# Question on Proof in Evans' PDEs: Sobolev Inequality

I've currently started to study about Sobolev inequalities and here is Gagliardo-Nirenberg-Sobolev inequality from Evans' book:

I understand the whole proof except for some details I'm about to ask:

1. In $\;(12)\;$ the last inequality results from general Holder inequality for $\;(\int_{\mathbb R} \vert Du(x) \vert\;dy_i)^{\frac{1}{n-1}}\;$. However this inequality states that in generall $\;\int_{\mathbb R} \vert u_{x_1}\dots u_{x_n}\vert \;dx \le (\int_{\mathbb R} {\vert u_{x_1} \vert}^{p_1}\;dx)^{1/{p_1}} \dots (\int_{\mathbb R} {\vert u_{x_n} \vert}^{p_n}\;dx)^{1/{p_n}}\;$. Which are the appropriate $\;p_i\;$ here and why I can't see them?
2. In the first two lines, I don't fully understand why $\;\vert u(x) \vert \le\int_{\mathbb R} \vert Du(x_1,\dots,y_1,\dots,x_n)\;dy_i\;$

Any help would be valuable. Thanks in advance!

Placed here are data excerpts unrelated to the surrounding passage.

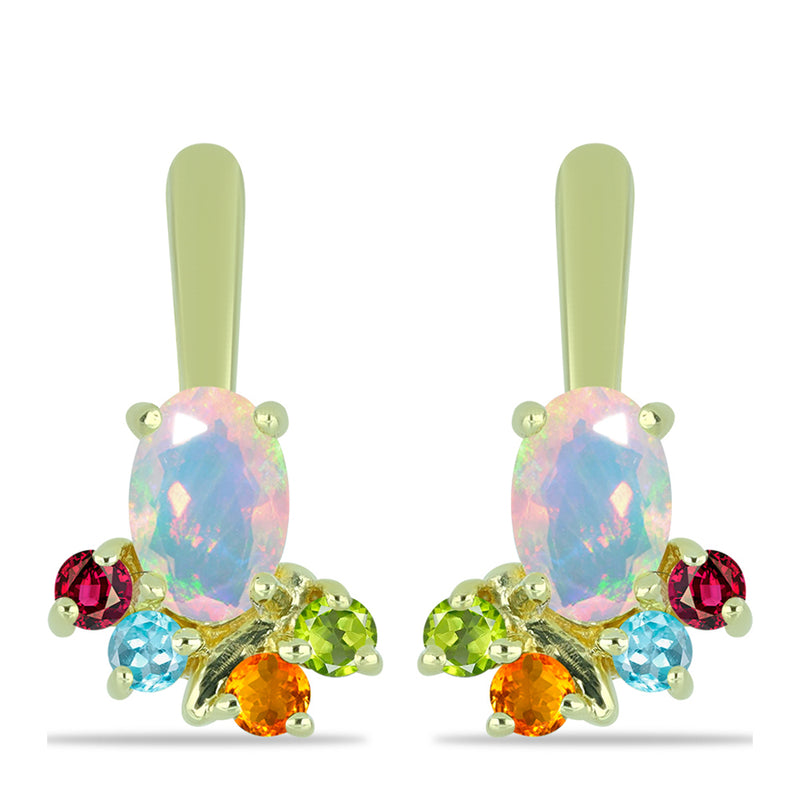 Pozlacené Stříbrné Náušnice s Welo opálem a Chakra Turmalínem
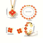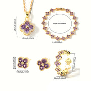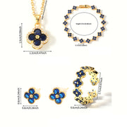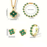 Set 1# Copper And Diamond-encrusted Four-leaf Clover Necklace Bracelet Ring And Earring Set
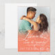 Esta divertida tarjeta de guardar fecha presenta un gradiente de color melocotón con una tipografía de letra "El amor está en el aire" muy bonita. Fácil y sencillo de personalizar ~ solo use el botón PERSONALIZAR para agregar su texto y su foto favorita. Viene en 13 colores. Para preguntas o solicitudes personalizadas, envíe un correo electrónico a: cheryl@cheryldanielsart.com. Diseño original "Love Mist" por Cheryl Daniels © 2014.
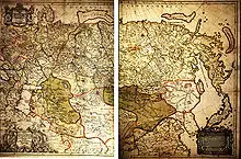 Map of Russia in 1725, drawn by Philip Johan von Strahlenberg and Johan Anton von Matern
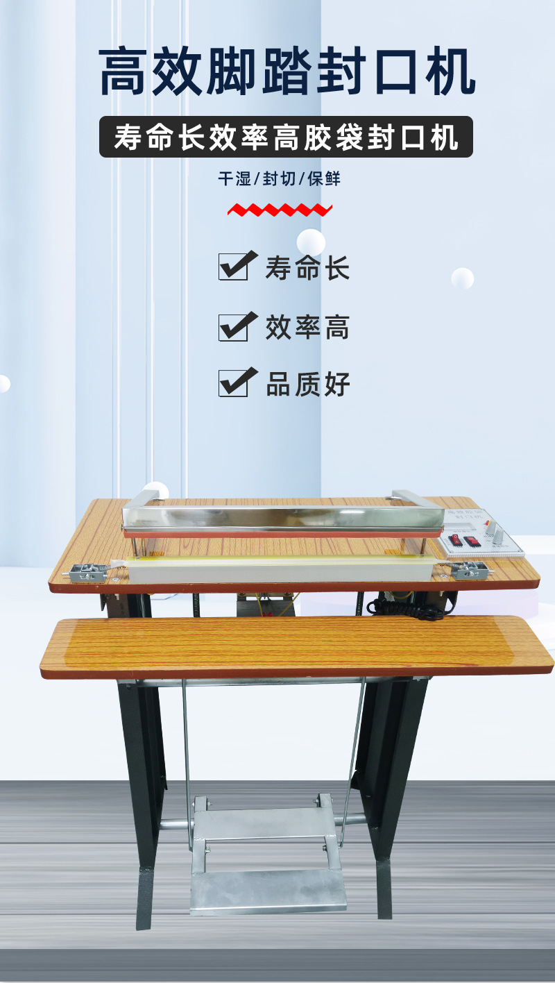 腳踏封口機(jī)適用性強(qiáng),可以處理多種不同厚度和材質(zhì)的包裝材料
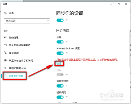 进入到同步设置页面今后,在左侧列表中选择【同步你的设置】,然后在右侧区域图示位置点击【验证】按钮。
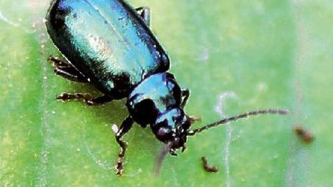 Altise adulte sur fuchsia. PHOTO : JÉRÔME JULLIEN

1. There are $n-1$ terms in the application of generalized Holder, $p_1,\dots,p_{n-1}$ and each $p_i=n-1$ for all $i$.
2. The first line is the fundamental theorem of calculus. The second line follows from $|u_{x_i}|\leq |Du|$, and increasing the domain of the integral to the whole real line.